Ellen: You’ve been working over the past few years on a biography of the poet Larry Eigner [1927-1996, author of over 75 books and broadsides]. How's it going? What have been a few of the biggest discoveries you've made in your research and what are a few of the biggest questions you want to answer?
Jennifer: In the years working on the biography, I have had many exciting moments. I found an old documentary on Eigner circa 1970 that has long been out of circulation. To my knowledge, I have the only copy. One thing that is interesting about the film is that the filmmaker, Leonard Henny, decided (of all people) to have Allen Ginsberg read Eigner’s poems. This created a situation where the über voice was displacing the impaired voice. What is also interesting is that no one, including the Ginsberg foundation, knows about the film, although I guess they do now!
I’ve also been looking through a bunch of archival information and books about how children with cerebral palsy, like Eigner, were treated medically from 1920-1940. I discovered a book called Children Handicapped by Cerebral Palsy. It is based on studies at Boston Children’s Hospital at the same time Eigner was getting treatment there. There is a small chance that Eigner was included in this study, although this is one of the threads I followed that came to a dead end.
Through reading over 40 years of Eigner's letters with the poet Cid Corman, I have an insider’s view to his personality. He could be very supportive, but at times overbearing and gossipy. I also discovered that Cid Corman attended high school and formed his radio program with Nat Hentoff [American historian and music reviewer for The Wall Street Journal]! That was a surprise.
The biggest question I want to answer (just offhand) is how Eigner’s work fit into the climate of New American Poetry and what links were formed between him and the other writers of the time.
Ellen: Tell me about how you discovered Larry Eigner's work and what it meant to you.
Jennifer: I honestly can’t remember the first time I encountered Eigner’s work. My father is a poet, critic and was an English professor for a long time, and he must have told me about the work. In my late thirties, largely through Lisa Jarnot, I became interested in Robert Duncan, and through him, Black Mountain Poetry. Since Eigner was somewhat in that circle, largely through correspondence, my eye gravitated to him.

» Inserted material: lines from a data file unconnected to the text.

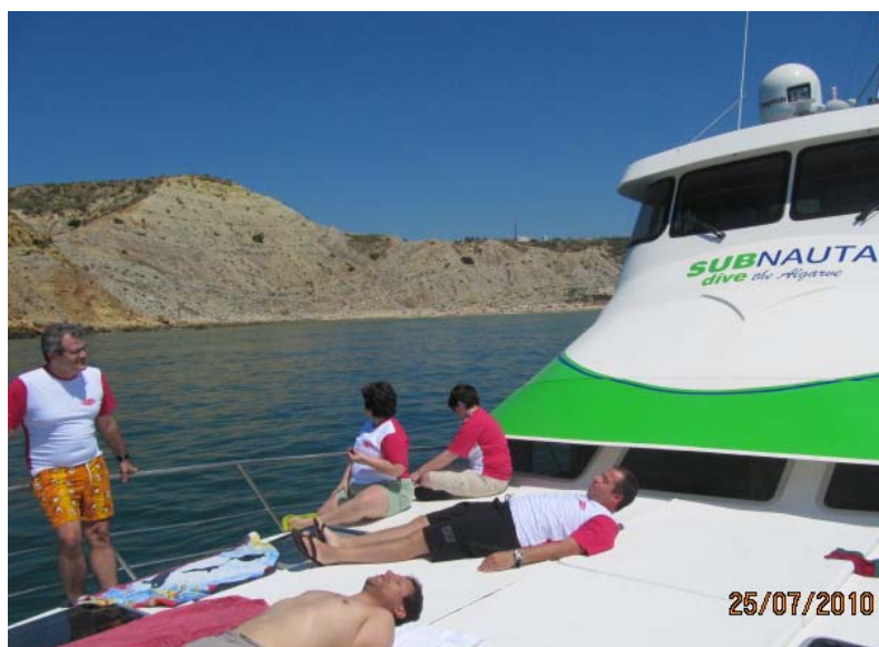
Descanso entre mergulhos

O dia terminou com um jantar num restaurante local em Sagres.
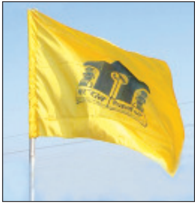
थाखेयाव मोनफैबाय। दिनैनि बे गोथार सानाव साक्रोमबो बर’ फिसाफोरखो गावनि बिमानि रवे रइन्नायनो, लिस्नो हांखायहरदों

गुवाहाटी, 15 नभेम्बर: बर’ थुनलाइ आफादनि गोथार जोनोम सान 16 नभेम्बर। बे सानखालिनो 1952 माइथायाव बर’ थुनलाइ आफादआ जोनोम मोन्दों मोन। बर’ थुनलाइ आफादनि बैसोआ दिनै 16 नभेम्बरवा 69 बोसोराव हाब्याय। जोनोम जाजेन्नायनिफ्रायनो गोबंथांर जेना-जेगोनोजो मोगा-मोगि जानानै फैनांनया बर’ थुनलाइ आफादआ दिनैसिम बे
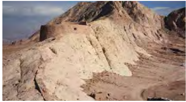
تصویر ۴. دخمه مانکجی؛ اتاق دخمه بان در گوشه پایین سمت راست دیده می‌شود.

فهم این دارایی ملی و دانستن تاریخ و معنای آن، گامی اساسی در جهت اقدام برای چگونگی حفاظت این اثر تاریخی است. در تشخیص میزان اهمیت حفاظت بنا مؤلفه‌های متعددی از جمله : تصویر جایگاه فرهنگی، اجتماعی،
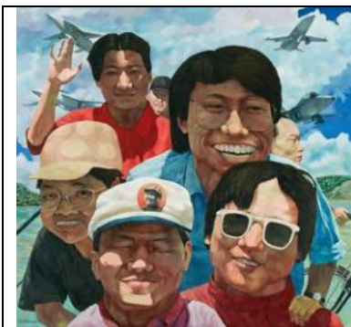
岳敏君(生于 1962 年)

「新中国的自画像」说明本次专拍私人收藏的核心概念及价值意义。艺术家的自画像刻划出每个个体的生活历练，放在历史背景中加以审视，投射出这个世代面对急遽变迁下艺术家的精神状态，阐述着中国在特定历史时空的时代特征。这些具时代意义的脸谱，可视为大时代的缩影及「新中国」世代的表征。
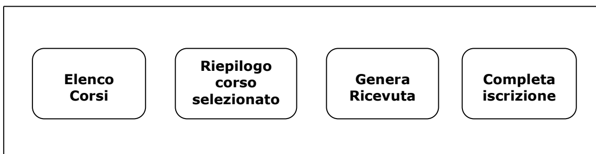
Figura 3 – Pannelli della procedura di Iscrizione ai corsi

La figura seguente riporta la sequenza dei pannelli di cui si compone la procedura.
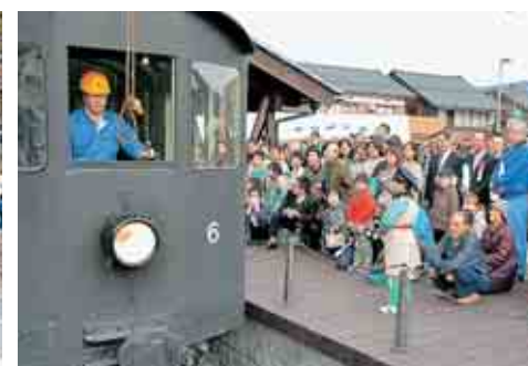
専用線路を走る「テキ6」
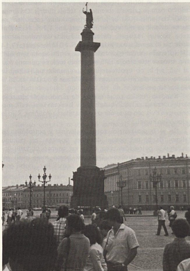
Spomenik na Dvorskem trgu

so med seboj povezani s 380 mostovi, zato ni čudno, da ga nekateri izmenjujejo — muzej mostov. Preko Neve se vzpenja 8 mostov, dolga je 74 kilometrov in je plovna. Leningrajski mostovi se dvigajo, enega smo tisti večer videli tudi mi.
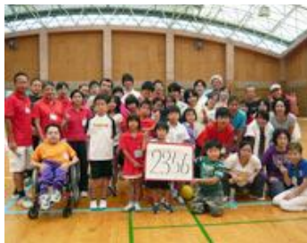
バリアフリーテニス大会

What Larry Eigner’s work means to me is more than just his poetry. It is extended into a way of living and an appreciation for him as a “person of letters.” Of course, cerebral palsy (mine mild, his severe) exists as a commonality between us, and it is interesting to see where my experience intersects and diverges from his socially. Yet, the real connection is in the way he related to art, reading and letter writing. Because he was somewhat “housebound” (a term I hate) he copiously used literature and correspondence as a way of engaging the world. This is something that attracts me. To get inside the mind of a person who had this kind of existence interests me.
Ellen: Could you talk about that term, "housebound," a bit?
Jennifer: Well, I put "housebound" in quotes for lack of a better word. It is the name for “people like” Eigner at the time, and continues to be used to some extent.
"Housebound" may have been originally meant to be a descriptive word for the living conditions of people with severe disabilities. The term, however, is somewhat exaggerated when other poets refer to Eigner’s life, because he actually did go out quite a bit for a person who would have been impaired by the pre-ADA (Americans with Disabilities Act) environment; his family took him to Gloucester and on regular trips to Boston. He attended school for the sixth through eighth grades, and later, took many trips to visit his brothers in St. Louis and San Francisco. However, as Denise Levertov noted in a letter to Robert Duncan:
There are many, many places they just can’t get his wheelchair into, and other places where the excitement it wd. be to him forbids him going as it wd. be bad for him & a disturbance for others — for instance, he has seen few stage presentations & even fewer movies (except on television) because the fire laws forbid wheelchairs in the aisle & and if he were lifted into a regular seat he’d go into uncontrollable spasms.
What is problematic about Levertov’s statement is that it makes the responsibility of accessibly that of the individual body versus the culture or environment. Hence, the term “housebound” becomes a disparaging term for a person with a disability rather than a descriptor. The way society uses such terms — lame, crippled, housebound, blind, deaf, retarded and so on — as metaphors has been vastly ignored. These metaphors and terms are still very present in our language as negative markers, and they perpetuate the perception of disability in our culture.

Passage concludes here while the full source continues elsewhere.